The museum hosts artistic works in its collection which reflect on and critique the Guantanamo Bay Detention Facility, contains a center for critical studies which collects texts about Guantanamo Bay including essays from Judith Butler and Derek Gregory, and runs an artist in residency program that produces new works for exhibitions. The museum is also listed as a real place on Google Maps just north of the detention facility.

==History==
When the fictional museum was first made public it was covered by a variety of international publications including by the Agence France-Presse, Studio Magazine, and the Atlantic. The Atlantic described the museum in this way after its opening:

"While creating imaginary entities is a tried-and-true protest technique, its application in this specific case is brilliant. Gitmo is a peculiar invention that only exists thanks to a tangle of legal rulings that allow Americans to pretend that Gitmo is not a part of America, even though it’s governed and controlled by Americans. No one really gets to see the place, as reporters’ and other visitors’ experiences are crafted by the authorities. The detention camp, as a place where people are held and interrogated, remains an imaginary place for all but the prisoners and the national security officials who operate it. The imaginary museum draws its power from this resonance: If Gitmo exists because of one fiction, perhaps it can be closed by another? Or put another (augmented) way, germane to this digital project: if we change Gitmo’s website, can it actually change its physical and legal reality?
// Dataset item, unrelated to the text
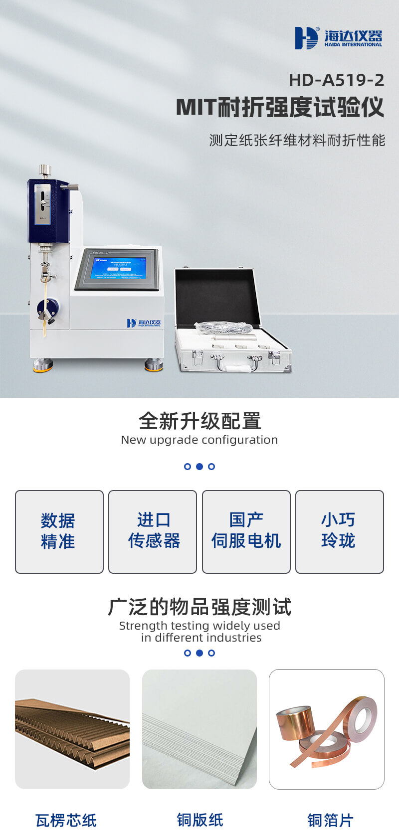 MIT耐折測試儀用于測定紙張纖維材料耐折性能測試,儀器為單折頭MIT式,可根據試驗要求設定試樣縱橫向、張力大小、折疊次數。主要用于紙張、纖維織布、金屬薄片、塑料薄膜以及復合材料的耐折強度測試。

That’s what the museum’s organizers are hoping."
— Alexis Madrigal, "The Imaginary Art Museum at Gitmo", https://www.theatlantic.com/technology/archive/2012/08/the-imaginary-art-museum-at-gitmo/261740/

After the project's launch, Ian Alan Paul has given lectures and talks at universities, museums, and conferences as the head curator and creator of the museum, and the artworks from the museum are shown in galleries as an extension and elaboration of the project's fiction.